There are honey bees in this country almost anywhere there are trees. You can catch swarms in your bait hives most places. If you have any old comb put it in there too. Now is the time in the mid Atlantic region to down south.

Good Luck


----------



## Adrian Quiney WI (Sep 14, 2007)

Jyawn, the answer to your post is maybe.... I've read here on Beesource that the more traps you have out the better. The only way to find out is to get that trap out and watch it. Good luck.


----------



## BoilerJim (Apr 15, 2011)

In researching this question here on Beesource I found that question has been asked several times. The answers ranged from 1/4 mile up to 6 miles.


----------



## gone2seed (Sep 18, 2011)

BoilerJim said:


> The answers ranged from 1/4 mile up to 6 miles.


Yeah,somewhere within that range so everyone was correct.Old fat mama coming out with the prime swarm won't go far but the afterswarms coming out with virgins head for the tall timber.


----------



## Intheswamp (Jul 5, 2011)

So how far do you thing the prime swarm might go?


----------



## Keth Comollo (Nov 4, 2011)

In his book on swarm research Dr. Seely found that bees would travel a few hundred yards to six miles. It is the quality of the new home (swarm trap) that seems to make them want to stay. If you have an apiary 2 miles down the road and there are 3 quality places for them to make a new hive between the apiary and your swarm trap your chances are slim. 

Bottom line is more traps equal more chances. Like fishing, the more lines in the water the more fish in the basket.

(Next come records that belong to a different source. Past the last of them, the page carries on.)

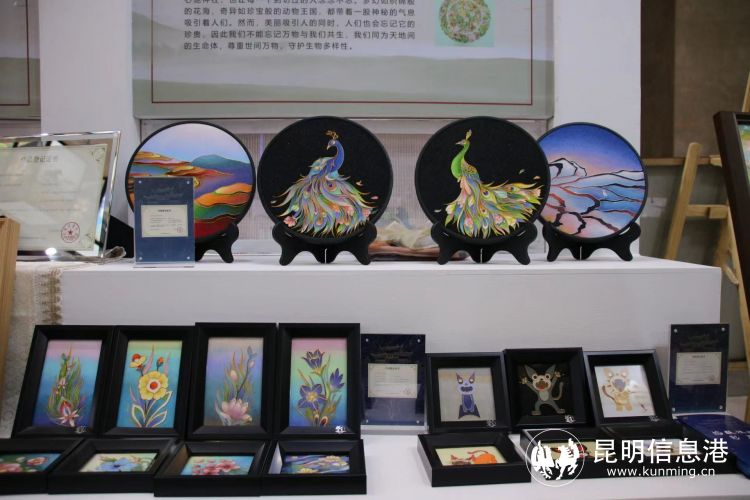 德源文化公司的掐絲琺瑯文創(chuàng)作品,將傳統(tǒng)非遺技藝與云南地標、云南特色相結(jié)合,以展現(xiàn)金馬碧雞坊來源的作品《金碧生煙》,表現(xiàn)云南“動植物王國”和生物多樣性的作品《向往云南》,以及光影之下的元陽梯田、開屏的孔雀等,一幅幅講述云南故事的作品,不僅能作為旅游商品,通過使用創(chuàng)新活性炭材料,更是兼具了吸附異味的功能性。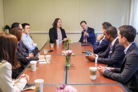 唐部長並前往拜會美國在台協會(AIT)華府總部,會晤AIT主席羅森柏格(Laura Rosenberger),就臺美雙方所重視的資安聯防、新興科技與數位民主等議題交換意見。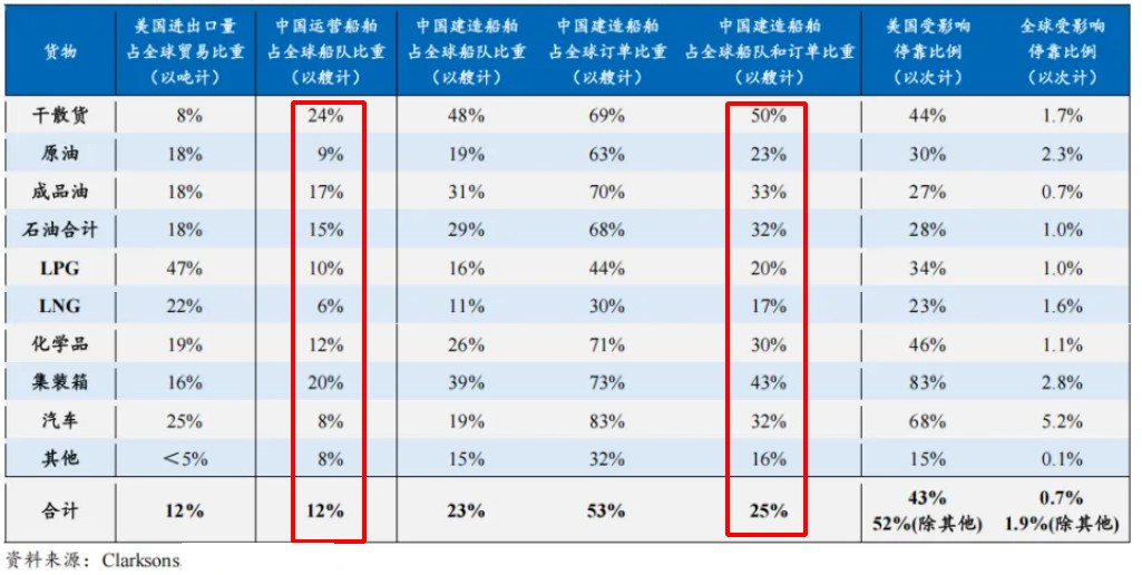 此外,這些航運巨頭在用的船舶也更多是韓國造,中國造的商船主導航運市場更多是未來的預期。以國際貿易典型的大型集裝箱船(超過1萬TEU)為例,前10大航運企業在用的中國造船舶的運輸能力(TEU)僅佔26%,而韓國則是60%,但就在建船舶運輸能力而言,中國則高達73%,韓國為23%。進一步分析運營美國航線的集裝箱公司中國建造的船舶數據,涉及美國航線的集裝箱船1073艏,其中中國製造的船舶佔比只有23%,即使中遠海運也只佔46%,這也可見中國市場的開放性。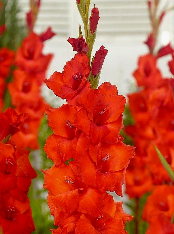 (Forever 20,436,EM). Rumělkově červené velké květy na pevných klasech ve dvouřadém nákvětu. Zářivá barva.

I have ten traps deployed over a very large area of southern Vermont. Too early for us here but they are sitting there and ready. Fishing!


----------



## beemandan (Dec 5, 2005)

I’ve watched a prime swarm leave the limb of a tree and fly away…out of sight. Over a mile. On the other hand I’ve seen them move into some old equipment that was stacked less than 300 ft from the parent hive.


----------



## JYawn (Dec 6, 2011)

So it seems like there isn't a predictable "Zone".... but what I'm hearing is good. I live right up next to a small mountain ridge so I'm sure the bees are coming from the woods in the area. Hopefully I'll catch some.... If not I've still got a package on the way in early May.


----------



## Michael Bush (Aug 2, 2002)

I would say a quarter mile is most likely. Within 1 1/2 miles is next as they seem to know that area well. It would drop off from there with 6 miles not unheard of.


----------



## Cox89XJ (Jun 21, 2011)

The swarm I got on the 27th of March was only about 70 feet from the parent hive. Like mentioned above, the big fat mama didn't go far. I hope she is more satisfied in her new home than she was in the other hive. She had some pretty mean off springs. Last fall they were not mean at all, but for the past few weeks my little black dog could not get within 30 feet of the hive without them getting after her. Maybe skunks have been bothering them? By the way, they didn't like my black Farmall cap either. I had to stop wearing it when close to the hives.


----------



## Michael Bush (Aug 2, 2002)

I've seem them move next door a few inches away... but 1/4 mile is the most typical distance...


----------



## enchplant (Apr 10, 2011)

From what I have observed with swarms, they seem to come out of the original hive and then settle on a bush or a tree. Then they start selecting sites. I don't think they fly out of the original hive and fly directly to the new location they are going to move in to. When I read Seeley's amazing book 'Honeybee Democracy' he talks about that voting process where scout bees come back to the swarm with suggested sites to inhabit and do their dance on the surface of the swarm blob. Then more scouts follow those directions and go check it out until finally there is consensus as to which site gets the most votes.


----------